Transient domain formation in membrane-bound organelles undergoing maturation
Serge Dmitrieff, and Pierre Sens

TL;DR
This paper investigates how enzymatic maturation influences transient domain formation in membrane-bound organelles, revealing that maturation rate controls domain size and dynamics, which may impact intra-organelle processes.
Contribution
It introduces a model showing how irreversible enzymatic reactions regulate transient membrane domain sizes during organelle maturation.
Findings
Domain size depends on maturation rate via a power-law.
Transient domains form due to phase separation influenced by enzymatic activity.

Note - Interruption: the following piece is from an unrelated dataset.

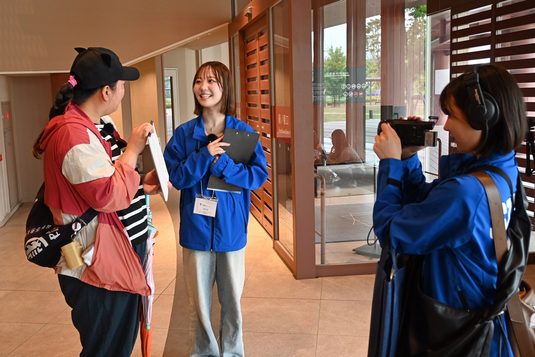 放鳥決定イベントでは、学生6名と野口准教授、樋口教授が2つのグループに分かれて取材。のと里山空港で行われたお笑いコンビ「ココリコ」の田中直樹氏と能登地域放鳥受入推進協議会アドバイザーの小宮輝之氏らによるトークセッションをはじめ、石川県立図書館やいしかわ動物園などで開催された「絵本おはなし会」など、イベントの様子を撮影しました。さらに、トキが生息できる環境づくりに取り組む石川県の職員や、いしかわ動物園トキ飼育繁殖センターの飼育員ら関係者にインタビュー。えさ場環境の整備に関する同県の事業をはじめ、トキの生態や飼育にあたって注意しているポイントなどを質問したほか、イベントの来場者にも、参加した感想やトキ放鳥への期待を聞き取りました。インタビューを担当した北澤心悠さん(3年次生)は、「事前に用意してきた質問に加え、取材相手の回答から話題を広げるような質問をするように心がけました」と話し、撮影を担当した池田ちはるさん(同)は、「被写体の表情を撮影するように意識しました。少しでも多くの人に見てもらえる動画にしたい」と意気込んでいました。

Maturation controls intra-organelle membrane organization.
Abstract
The membrane components of cellular organelles have been shown to segregate into domains as the result of biochemical maturation. We propose that the dynamical competition between maturation and lateral segregation of membrane components regulates domain formation. We study a two- component fluid membrane in which enzymatic reaction irreversibly converts one component into another, and phase separation triggers the formation of transient membrane domains. The maximum domains size is shown to depend on the maturation rate as a power-law similar to the one observed for domain growth with time in the absence of maturation, despite this time dependence not being verified in the case of irreversible maturation. This control of domain size by enzymatic activity could play a critical role in intra-organelle dynamics.